Bahsettiğim yer Erzurum'a tam tanına 100 kilometre uzaklıkta bulunan Uzundere ilçesi yakınlarındaki yarım ada! Buraya yöre halkı 'Liman Cafe'de diyor! Öyle piknik, miknik işlerinden anlamam! Ama yarım adayı andıran ve Tortum gölünün bir kolunu bünyesinde barındıran bu yer, benim Erzurum'da 'en favori' piknik alanım oldu! İlk fırsatta çoluk,çocuk gideceğim yer olan burası, henüz bakir! Tam da Hürriyet'ten Mehmet Yaşin'in eline, yüreğine layık bir cennetten köşe! İnanılmaz bir ambiansa sahip olan bu yarımadada şimdilerde nasibi olanlar piknik yapabiliyor!

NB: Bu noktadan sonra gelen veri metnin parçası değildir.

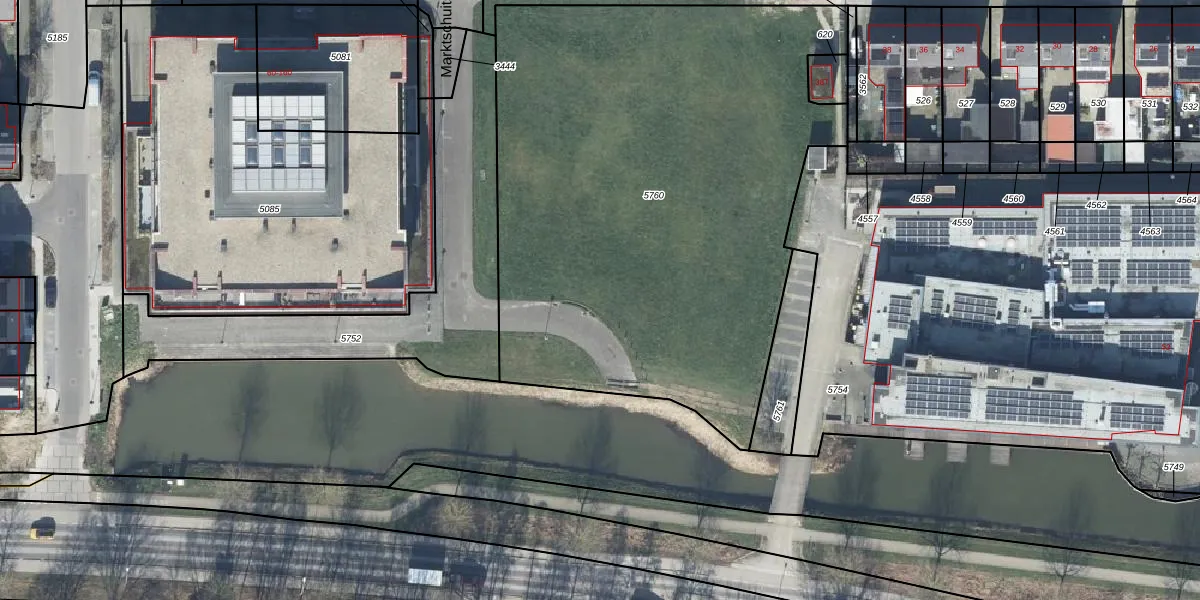 Het perceel waarop Marktschuitstraat 67 staat heeft een oppervlakte van 3355 m². Dit is een zeer groot perceel. De perceeloppervlakte wordt geregistreerd door het Kadaster. Gedetailleerde informatie over de maten van dit perceel kunt u vinden in het rapport Kadastrale kaart met maatvoering van Marktschuitstraat 67.
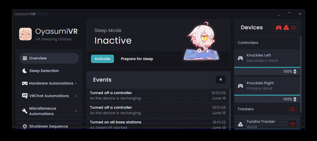 OyasumiVR je nástroj určený pro uživatele platformy virtuální reality VRChat, kteří praktikují tzv. VR spánek, tj. spánek s nasazeným VR (Virtual Reality) headsetem. Hlavním úkolem nástroje je automatizovat a optimalizovat různé aspekty tohoto zážitku, aby byl co nejpohodlnější a energeticky efektivní.
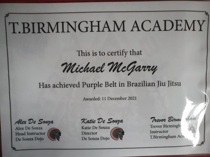 Lineage: Mitsuyo Maeda > Carlos Gracie > Carlson Gracie > Andre Pederneiras > Vitor Shaolin Ribeiro > Alex de Souza > Trevor Birmingham
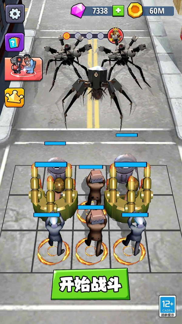 3、玩家可自由合成马桶人或监控人角色,将两个低阶角色合成为一个高阶角色,合成过程完全由玩家自主规划。
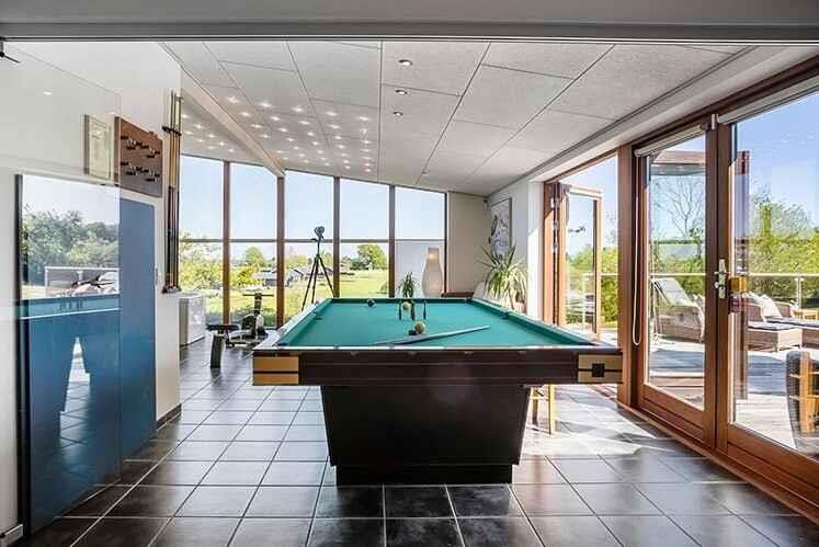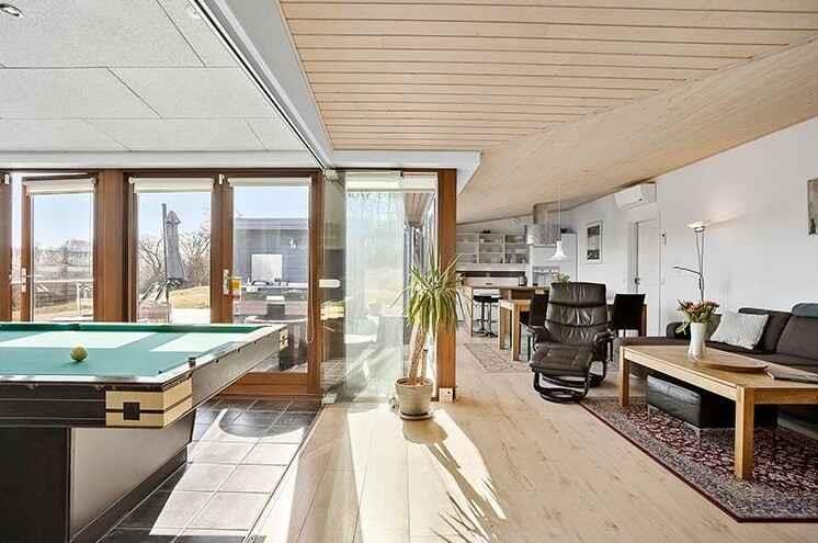 Stort feriehus på 140 m² med spa, sauna og udsigt til Langelandsbæltet. 3 soveværelser, 2 badeværelser, billard og stor afskærmet terrasse med udekøkken. Hunde tilladt. Kun 700 m til vandet.

Ben ve Hayati Bilge de işte nasibi olanlardanız.. Amatör bir ruhla işletmecilik yapan Osman'a ben şimdiden yarının büyük işadamı gözü ile bakmaya başladım bile. Bugün bize hizmet eden ve etrafımızda 'fır' dönen Osman'dan çok değil, bir iki yıl sonra randevu koparmanın güç olduğuna da inanıyorum! Bir defa gelenlere deniz kenarında piknik yapıyor izlenimini veren bu yarımadada, en güzeli de kayık sefaları.. Kayıkla kayarken ve o eşsiz tabii güzelliği gölün içerisinde doyasıya seyrederken, bambaşka bir dünyada yaşıyormuş hissine kapılıyorsun! Alabalık bu kadar mı lezzetli olur? Her yemekte önünüze gelen o salatalık bu kadar mı bir anlam kazanır? Burasının yeşili de bir başka güzel bir başka kokuyor! Yok, yok.. Kelimeler kifayetsiz kalıyor burayı anlatmak için..
Erzurum'un bunaltıcı hafta içlerinden bıkıp kendini hafta sonlarına atanlar! Piknik sezonunu açanlar. Şöyle çoluk, çocuk güzel bir gün geçirelim diyenler.. Benden söylemesi. Yarımadayı bir görün, başka bir yerde piknik yapma hevesinde olmayacaksınız! O kadar iddialiyım yani!